The blusterbuss that is Silvio Berlusconi is firing full blast and all Italy is, yet again, watching him fight his way out of his latest troubles. They include his umpteenth brush with Italy’s magistrates, a damning legal judgment that he bribed David Mills, the British lawyer, a cool $600,000 to commit perjury; divorce, for the second time, in this Catholic country – a divorce blamed by Veronica Lario, his wife, on her septuagenarian spouse’s “consorting with minors”; and his implausible friendship with a Neapolitan family remarkable only for the beauty of Noemi Letizia, their daughter.
Any one of these scandals would destroy most politicians. Even in Italy. Voters here can and do get angry.
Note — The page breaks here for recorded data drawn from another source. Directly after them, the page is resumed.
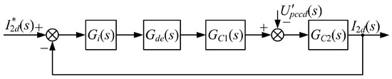 Since the reference direction of grid current is from the converter to the grid, the grid current reference is negative when running in rectifier mode. According to (4), at the start time, since the I2d and Icd are very small, Urd is negative. Then, according to (3), L2dI2d/dt + L1dI1d/dt will be large, and the current will increase quickly because of the superposition of Urd and . For the same trend of I2d and I1d, the grid current I2d will increase rapidly, which leads to inrush current. Under weak grid conditions, the larger the grid inductance is (the larger L2 is), the smaller dI2d/dt and inrush current will be. It can be concluded that, when grid voltage disturbance and converter output control voltage are in the same direction, the superposition of the two items will result in inrush current.
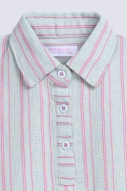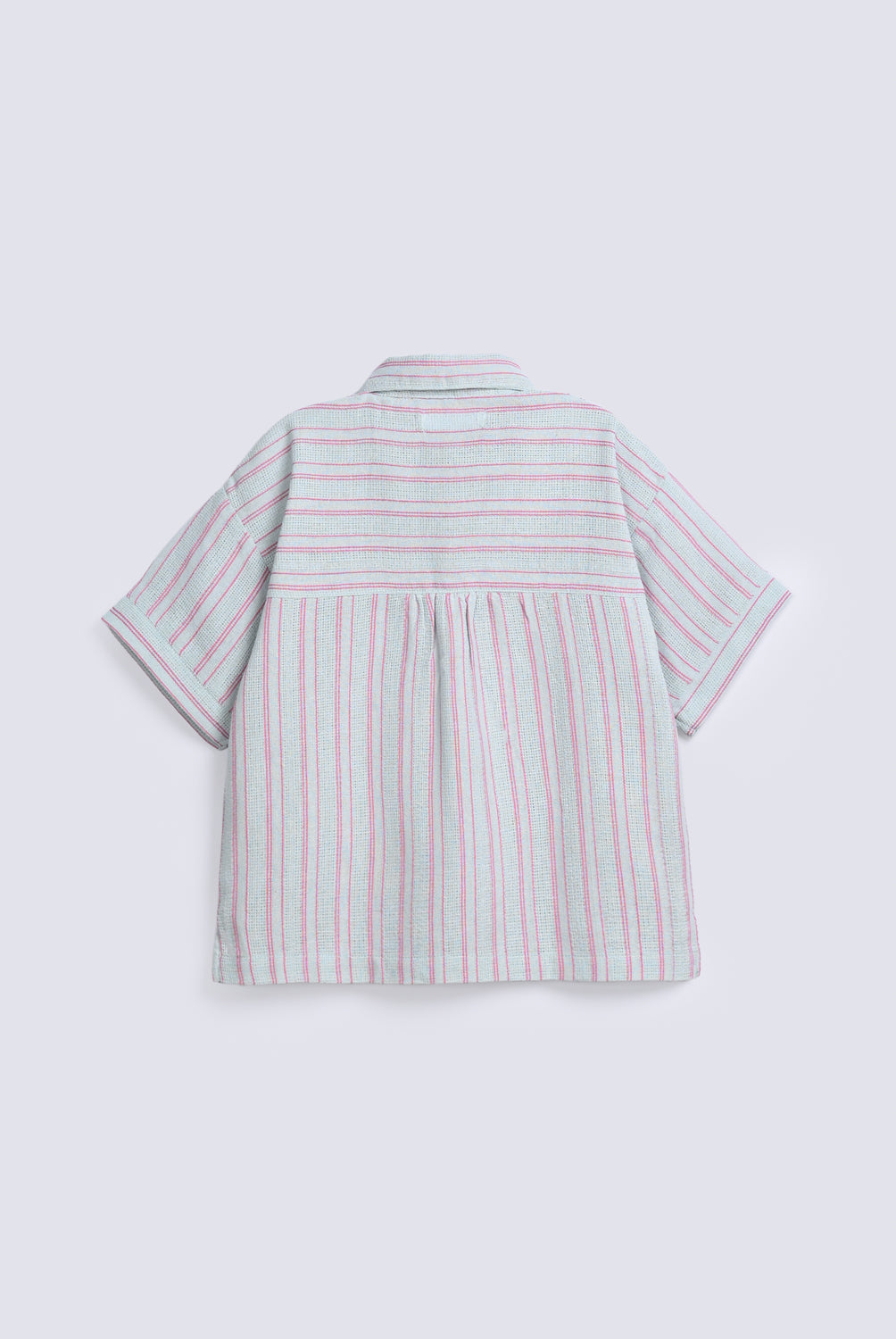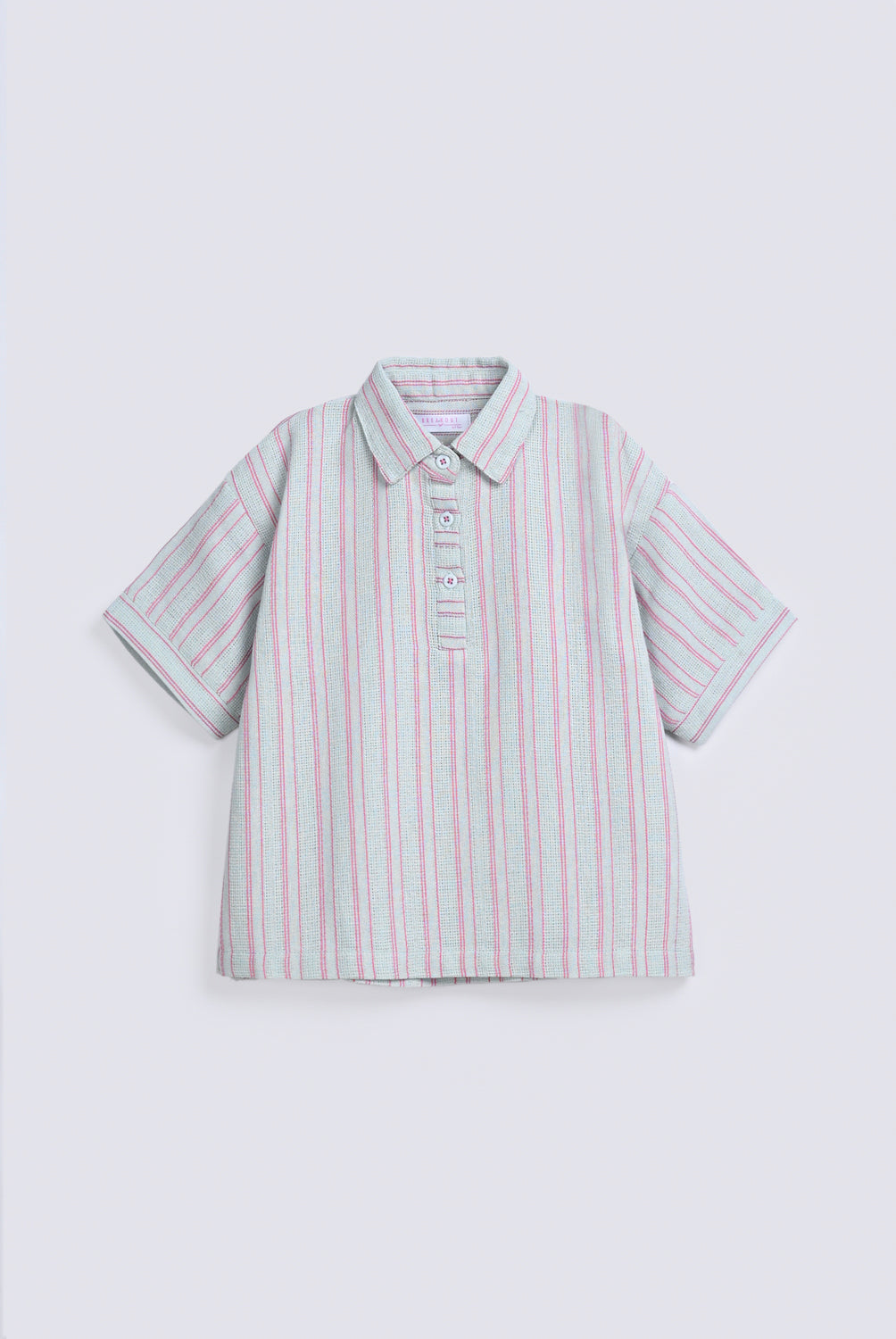 A relaxed boxy silhouette featuring muted green and pink vertical stripes with neatly matching buttons.
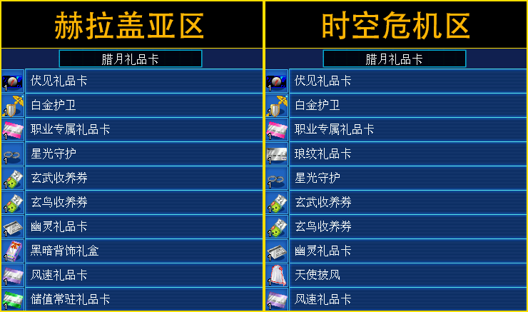 幽灵礼品卡(新老区同步):可任选以下道具之一:
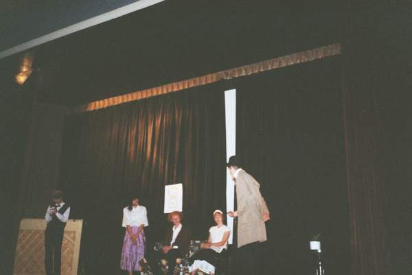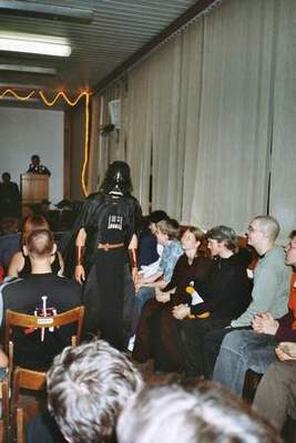 Ještě před druhým divadelním představením jsem odběhla na vyhlášení 1. ročníku fanfiction parodické poesie z prostředí SW - Darth Erben, kde jsem měla dvě "želízka v ohni". Výsledky mě mile překvapily (2. a 4. místo). ;-) Pak už nastal zlatý hřeb večera – ST divadlo Závada není na vašem simulátoru, které bylo součástí zábavného ST + SW večerního programu. Co k tomu dodat? To se prostě musí vidět. Herecké výkony byly skvělé, především Margh exceloval v ženské roli a zcela uchvátil nadšené publikum, ale i všichni ostatní byli úžasní. Po divadelním představení následovaly různé scénky, hrané reklamy, vyhlášení cen Za přínos v SW (tady si nejsem zcela jistá, kdo tu cenu získal, myslím, že Milan Pavlíček), v ST (CZ Kontinuum), E.T. roku (Vašek Pravda) a písničky. Jediným kamenem úrazu a slabším článkem celého večera byla tak trochu kapela. Holodoktor zpívá skvěle, ale zbylý tříčlenný doprovod v čele s Rybininem byl poněkud slabší, především Rybininův zpěv... ;-) Po půlnoci vyrážíme se skupinkou asi dvaceti lidí k záhadnému kulatému objektu měnícímu barvu, který se stal kultovní záležitostí již na loňském FF. Cestou jsme asimilovali skupinku asi deseti nadšenců, kteří si cestu k barevné kouli pro velký úspěch znovu zopakovali. Jsem trochu zklamaná, představovala jsem si, že ten "záhadný objekt" bude větší. Je to koule měnící barvy umístěná v minijezírku, ze kterého neustále vychází pára. Celý zázrak je umístěn na zahradě domku ve stylu podnikatelského baroka na okraji Chotěboře. Ale nevidět to znamená nebýt na conu... ;-)
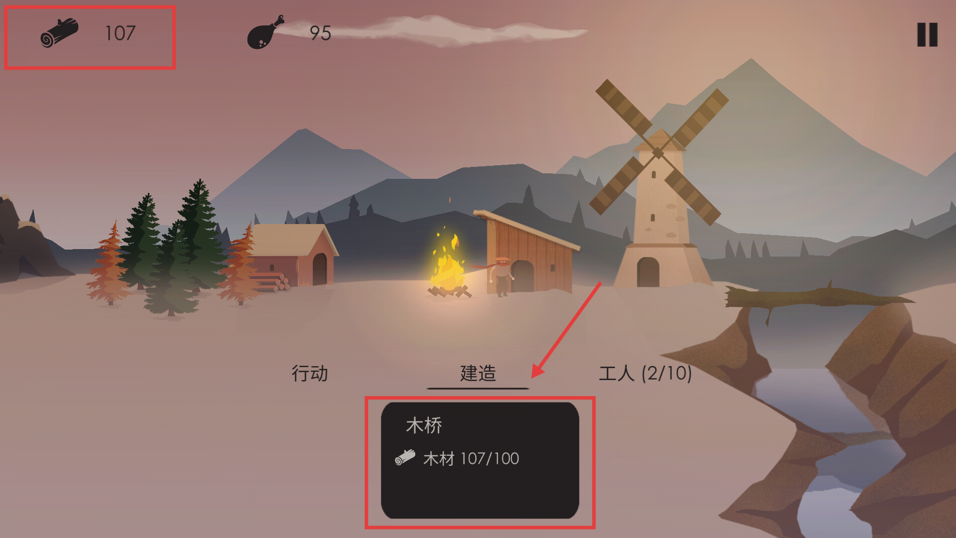 4、当【木材】数量达【107/100】时,进入建造界面选择【木桥】,消耗资源完成建造,拓展村庄区域。
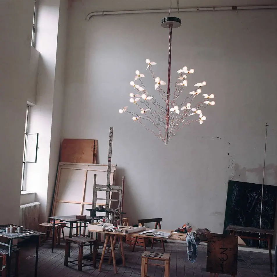 Lucellino, une création emblématique d’Ingo Maurer datant de 1992, est aujourd’hui une lampe a poser culte. Composée de laiton, de plastique et de plumes, elle met en valeur l’ampoule nue, délicatement ornée de plumes, offrant ainsi un objet à la fois fonctionnel et poétique. Ingo Maurer joue avec les mots en associant « luce » (lumière en italien) et « uccellino » (petit oiseau), ajoutant une touche de charme à cette création. Cette lampe semble presque en lévitation, perchée sur deux fils électriques qui servent également de structure. Livrée avec une ampoule de rechange, Lucellino est également disponible en version applique murale, suspension et plafonnier, ajoutant ainsi à son aura d’icône du design contemporain.
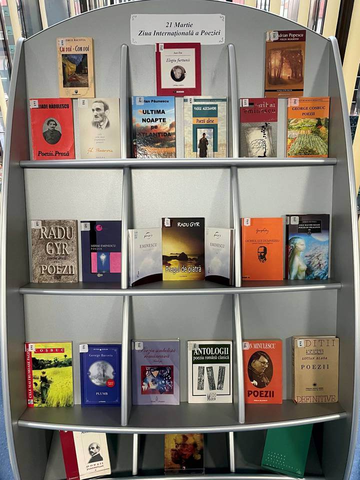 Poezia – „retina sufletească a ființei umane” – 21 Martie Ziua Internațională a Poeziei – expoziție de carte realizată la Sala de lectură Carte curentă.
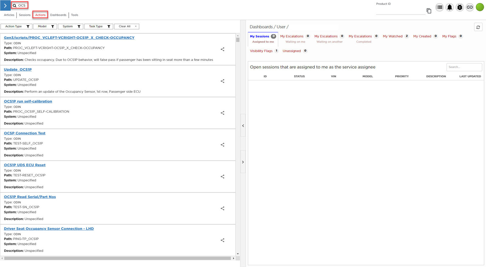 Select ‘Actions’ and search for ‘OCS’
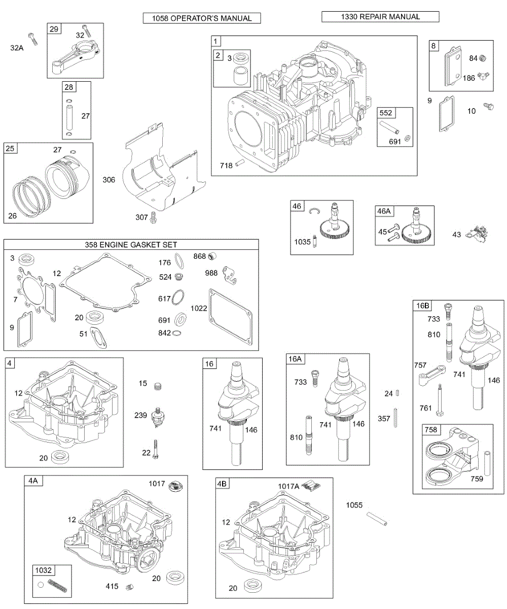 Parts for Briggs & Stratton 28N707-0128-01: Crankcase Cover / Sump, Crankshaft, Cylinder, Piston / Rings, Connecting Rod Parts
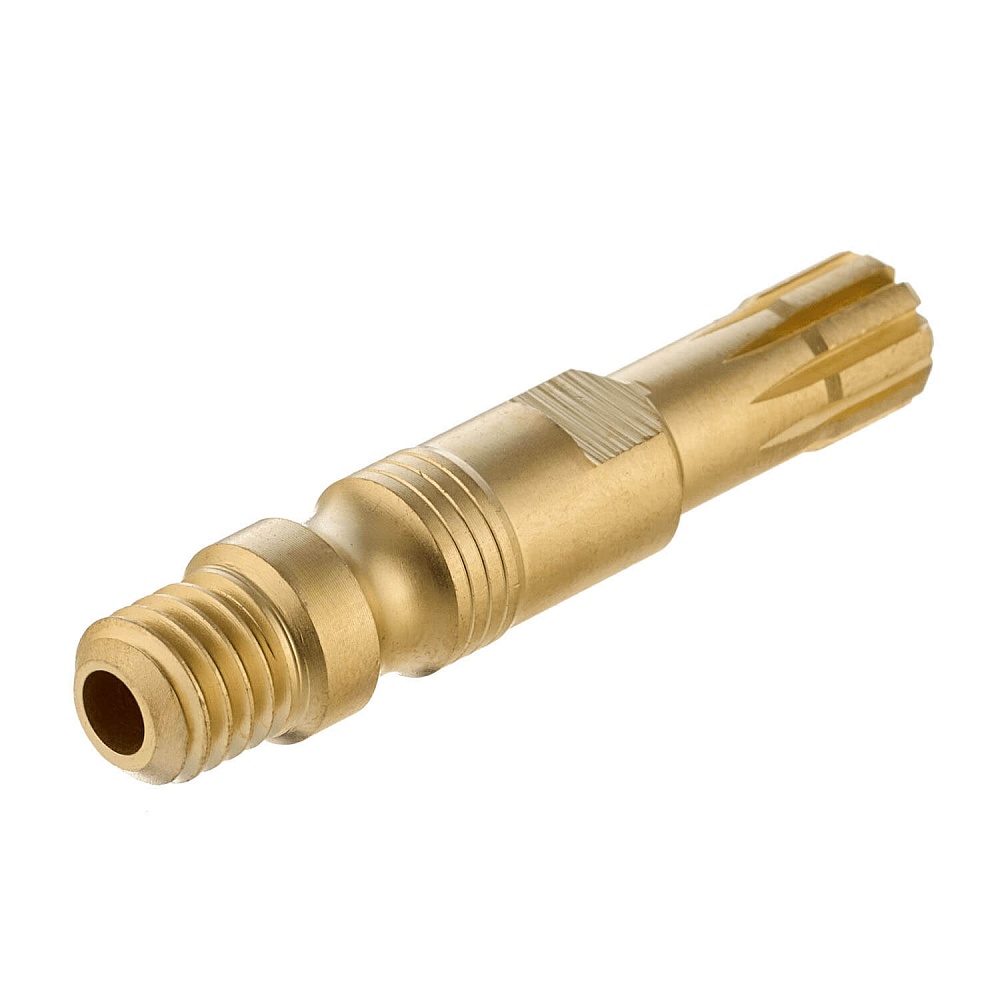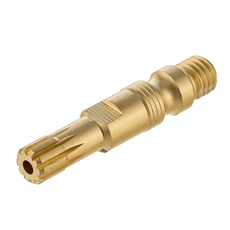 Латунный внутренний мундштук №5 для бензинового резака РБ-02 (тип «Луч»). Толщина разрезаемого металла 100–200 мм. Мундштук присоединяется к катушке резака РБ-02 при помощи резьбы М8х1 мм, а к самой головке резака при помощи наружной резьбы М8х1,25.
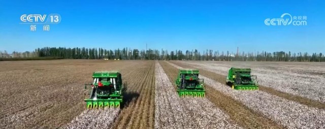 玛纳斯县南靠天山山脉,土壤肥沃,光热水土资源丰富,适宜种植棉花,是新疆的重要棉花产区,也是国家级优质商品棉生产基地,今年当地棉花种植面积74万亩。在玛纳斯县凉州户镇吕家庄村的万亩棉田里,三台新引进的棉花采收打包一体机正在采收棉花,采棉机能够高效快速地将棉花从棉秆上脱离,采净率高达95%以上,一台采棉机平均每天可采收700多亩棉花,相当于1000名拾花工劳动量的总和。
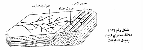1- أنماط التصريف حسب ميل الطبقات ، وتنقسم إلى عدة أنواع منها ما يأتي:
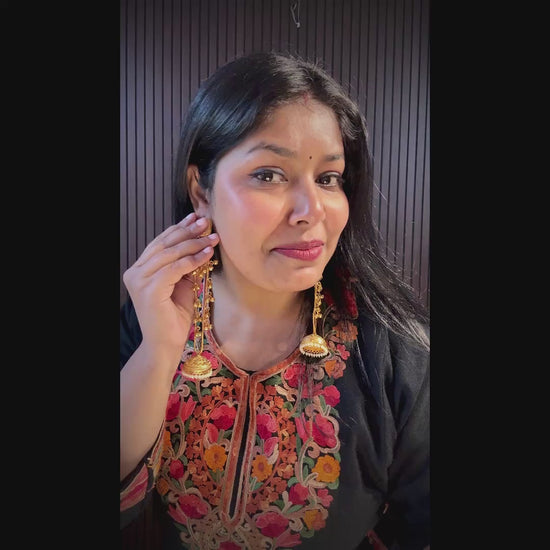 Add a touch of heritage to your look with these Kashmiri Brass Jhumkas, handcrafted in premium oxidized brass with delicate ghungroo detailing. Inspired by traditional Kashmiri designs, these jhumkas are lightweight, nickel-free, and perfect for ethnic wear.
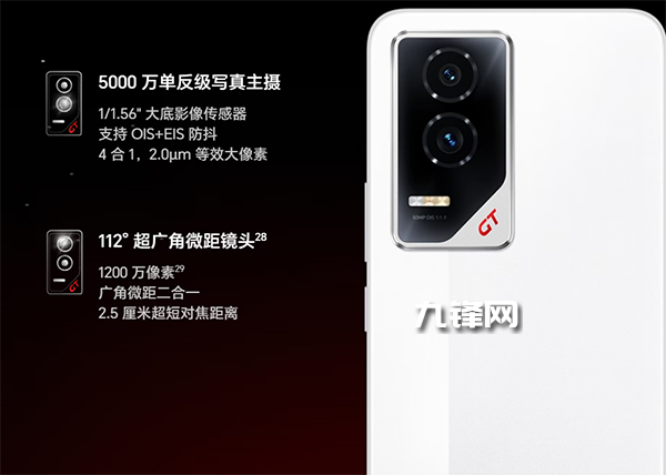 影像方面,榮耀GT搭載了5000萬像素主攝(索尼IMX906傳感器,1/1.56英寸,f/1.95,支持OIS+EIS)+1200萬超廣角攝像頭(f/2.2,2.5cm最近對焦距離,112°視場寬度)+1600萬像素前置攝像頭(f/2.45)。
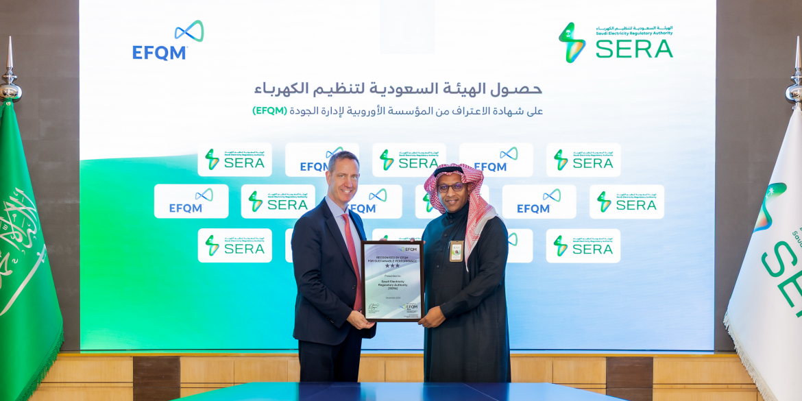 حصلت الهيئة السعودية لتنظيم الكهرباء (SERA) على شهادة الاعتراف من المؤسسة الأوروبية لإدارة الجودة (EFQM) بمستوى ثلاث نجوم، والتي تُعد من أبرز المراجع العالمية في مجال تقييم الجودة والتميّز المؤسسي.
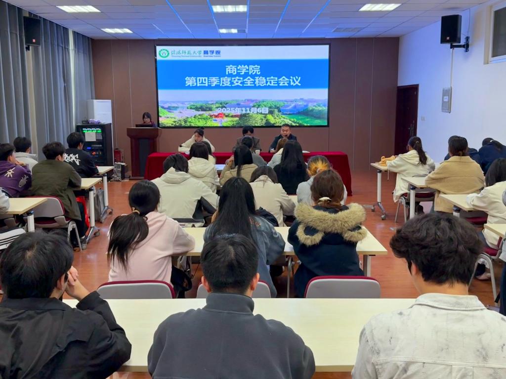 为切实加强学院安全管理,提升学生干部的安全防范意识与应急处置能力,确保第四季度校园持续安全稳定,11月6日中午, 4k影视 在310会议室组织召开了2025年第四季度学生干部安全工作会议。学院党委副书记黄钰莹,团委老师盛海及全体班级学生干部参加了本次会议。
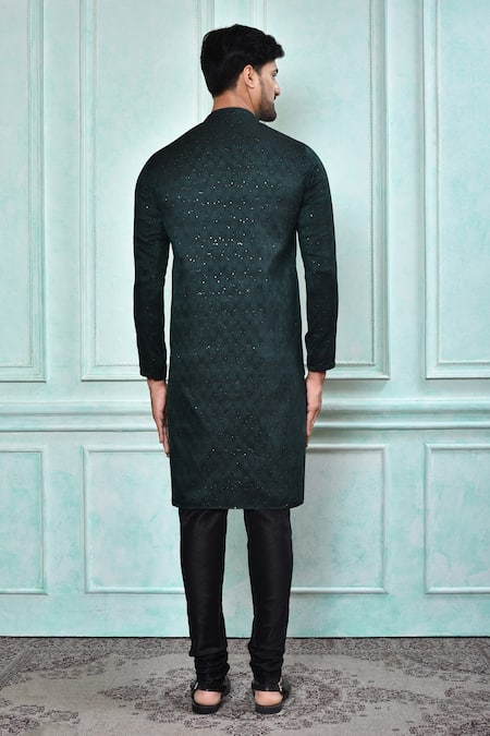 Bottle green geometric patterned kurta featuring sequin embroidery and a mandarin neckline. Paired with a black churidar in a relaxed fit.
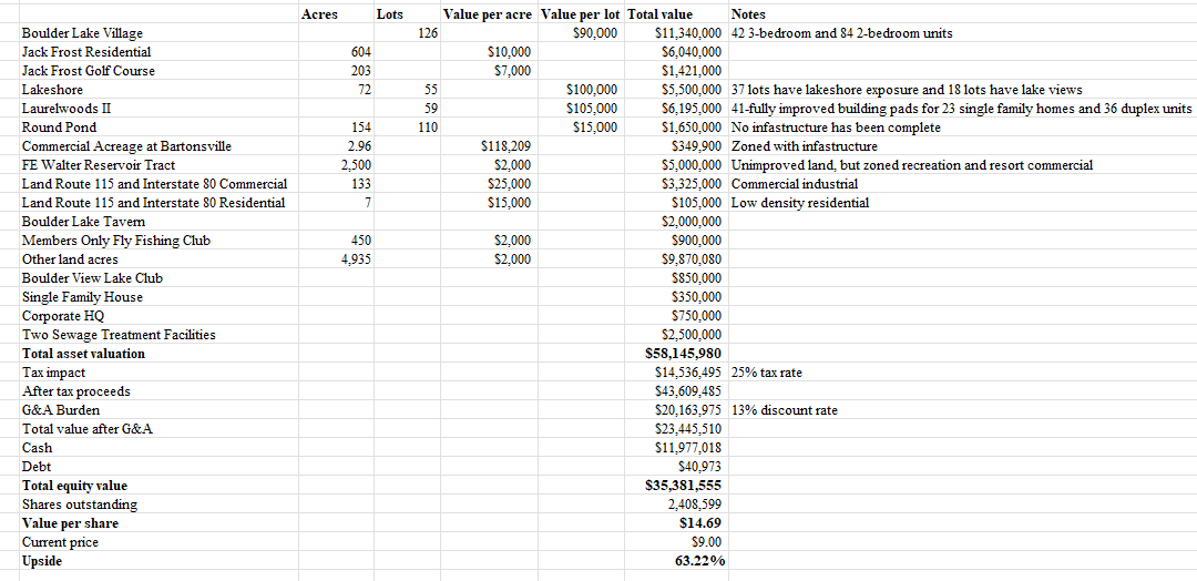 I am valuing these 55 lots at $100,000 per piece or a total valuation of $5.5 million. They are valued slightly higher than Boulder Lake Village given lake front exposure of 37 lots.
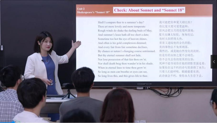 易鸣老师的参赛课程基于吴玲英教授主持的教育部精品视频公开课《英诗赏析》,选取莎士比亚的十四行诗“Sonnet 18”作为教学内容开展设计。该设计在对“Sonnet 18”主题的挖掘上并未将莎士比亚的十四行诗局限于传统的有关爱情、友情、诗歌永恒性的探讨,而是凸显创新贡献所带来的永恒性,帮助员工树立通过创新造就永恒的理念,增强他们的创新意识,培养创造精神。
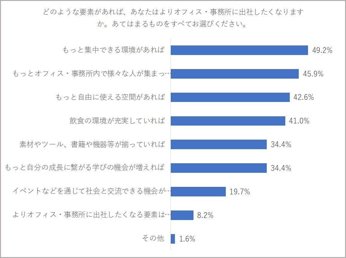 n=122(「出社するオフィス空間や働く環境への関心が高まった」と回答された方対象) ※複数回答

This is, after all, the country where, in the 1990s, the force of their disgust vaporised an entire political generation and dissolved both the long-dominant Christian Democrats and the Socialist party.
Yet they show no sign as yet of destroying Berlusconi. Italy is stirred, all right; he is the talk of every bar and some Italians want to see him behind bars. The normally supportive church rumbles disapprovingly. Yet his extraordinary popularity has barely been shaken, not even by the Letizia scandal.
After a bruising fortnight of daily demands for the full truth in the centre-left newspaper La Repubblica, which accuses Berlusconi of fabricating “a rosary of lies”, Dario Franceschini, leader of the opposition Democratic party, tried a knockout punch: “I ask Italians. Would you want your children to be brought up by this man?” It was Franceschini who hit the ropes.
Not only did all five Berlusconi children spring furiously to “this man’s” defence but, in a snap poll, 72% of people said they most certainly or probably would and only 20% thought not. Italians do not care to be preached at, whether by priggish priests (not known in too many parishes for sexual abstinence), by the righteous political left or by foreigners accusing them of voting for someone who is a “danger to democracy”.
So he turns up at Noemi’s 18th birthday party in a Neapolitan suburb (as he never, says his wife, turned up to his own children’s parties); so he gives the girl a £5,300 pendant (a bit much, but he can afford it); so he has more ways of saying how and when he came to know her than there are colours in a cassata ice-cream; so it’s all uncomfortably similar to other rumours about nubile “interns” at his Sardinian summer villa. And yet: so, too, do many people believe him, as they would not other politicians, when he calls an ordinary family his friends; when he points out that he himself drew attention to the relationship by attending Noemi’s party; and when he furiously asserts that the only question anyone has the right to ask is whether he has had “a, let’s say, spicy relationship with a minor” and that the answer is “absolutely not”.
La Repubblica predicts these scandals will hit his People of Liberty party (PdL) in this week’s European elections, adding that less than 40% of the vote would be a “defeat”. Some defeat: just below 40% would still be higher than the 37.4% the PdL scored in last year’s general election, which in Italian terms was a landslide victory. The Democrats, by contrast, are expected to poll a miserable 26%-29%, worse even than last year’s 33%. And Berlusconi’s personal ratings are still well ahead of his party’s.
The fact that Berlusconi is the only politician anyone is talking about (ahead of elections that bore the Italians as much as they do the rest of us) could nudge his opponents deeper into the ditch. “Il Cavaliere” has never doubted that there is no such thing as bad publicity.
Italians do find some Berlusconi gaffes cringe-making – not so much the off-colour sexual jokes as things such as his calling Barack Obama “suntanned” or being told to pipe down by the Queen – and they do wish he were less of a loose cannon. When he paraded a bevy of TV belles as prospective MEPs, his fuming wife said they had been rolled out “to entertain the emperor”. He was quick to drop all but one. Even so, Italians had a good chuckle when he retorted that at least PdL candidates would be better looking than the “malodorous and badly dressed” opposition.
Part of Berlusconi’s secret is that he doesn’t talk down to people and he has never pretended that his feet are not made of the same clay. He may be a bit of a lecher, they say, but it may be more talk than trousers and at least he isn’t a snob. That common touch compensates for a lot. It can even be inspirational: who but Berlusconi would have responded to the earthquake in L’Aquila by announcing he would host July’s G8 summit there?
Above all, this self-made billionaire stands outside the casta, the pampered political class that Italians hold in broadly deserved contempt. They reckon he gets things done. He said he would sort out the Naples rubbish crisis and he has; he promised to abolish dwellings tax and he has; earthquake victims are seeing action, not just hearing talk. And when Berlusconi proposes cutting parliament down to 100 MPs, “Magari”, say the voters, “If only.”
“The thing foreigners don’t get about Berlusconi,” a journalist said to me the other day, “is just what jerks we’ve had to put up with.” If the economy really crashes, that would trip him. But not those feet of clay.